Minoan artifacts, dating from 2900 to 1150 B.C., illustrate both male and female youths with extremely tiny waists, suggesting that boys and girls around the age of 12 or 14 wore belts that constricted the waist, better known to us today as corsets. And there have been multiple periods throughout history when men adopted the corset to achieve the fashionable silhouette of the time — just look at any historical painting for evidence of their slim waists. The 1830s specifically brought back male girdles that created feminine wide hips and nipped waists.
Men wore jewelry off and on, and in the mid-16th century, they often wore a single dangling earring along with their wide, padded breeches that resembled puffy skirts. High heels too, were originally invented and worn by men. King Louis XIV was aesthetically extravagant in many regards, and as he was only 5 feet and 4 inches tall, he undoubtedly required the assistance of his shoes (some of which were 6 inches high) to maintain an imposing authority. As modern women know, heels also help produce flexed, shapely calves, which were still very much in the style of the Sun King’s time.

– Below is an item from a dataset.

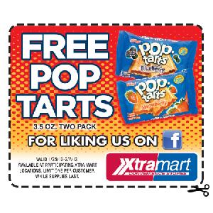 Free Pop Tarts at Xtra Mart - Xtra Mart is offering a printable coupon good for a free 2-pack [3.5 ounce] of Pop Tarts. Just click the green above, print the coupon then take it in to your local Xtra Mart convenience store to redeem for your freebie. Coupon is valid at participating locations through February 7, 2013. Limit 1 per customer, while supplies last.
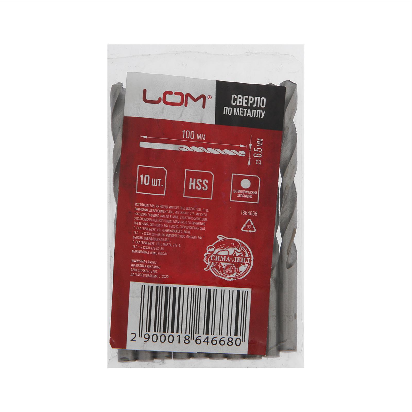 Сверло по металлу лом, Hss, цилиндрический хвостовик, 6.5 100 мм, 10 шт.

And who can forget the wigs? Even today, barristers in UK courts don robes and powdered wigs as a hallmark of the time when wigs were very much en vogue, and as a testament to the formality and solemnity of the court.
BTS themselves, as a global purveyor of gender-positive messaging, switches seamlessly between what is considered feminine and what is considered masculine in a way that is novel and liberating in our current society. Though it’s hard to tell if BTS will have a lasting effect on masculinity as a rigidly defined concept, it’s safe to say that simply by offering a new take on what it means to be masculine and attractive, BTS is paving the way to a new era of greater social acceptance of gender outside the “norm.”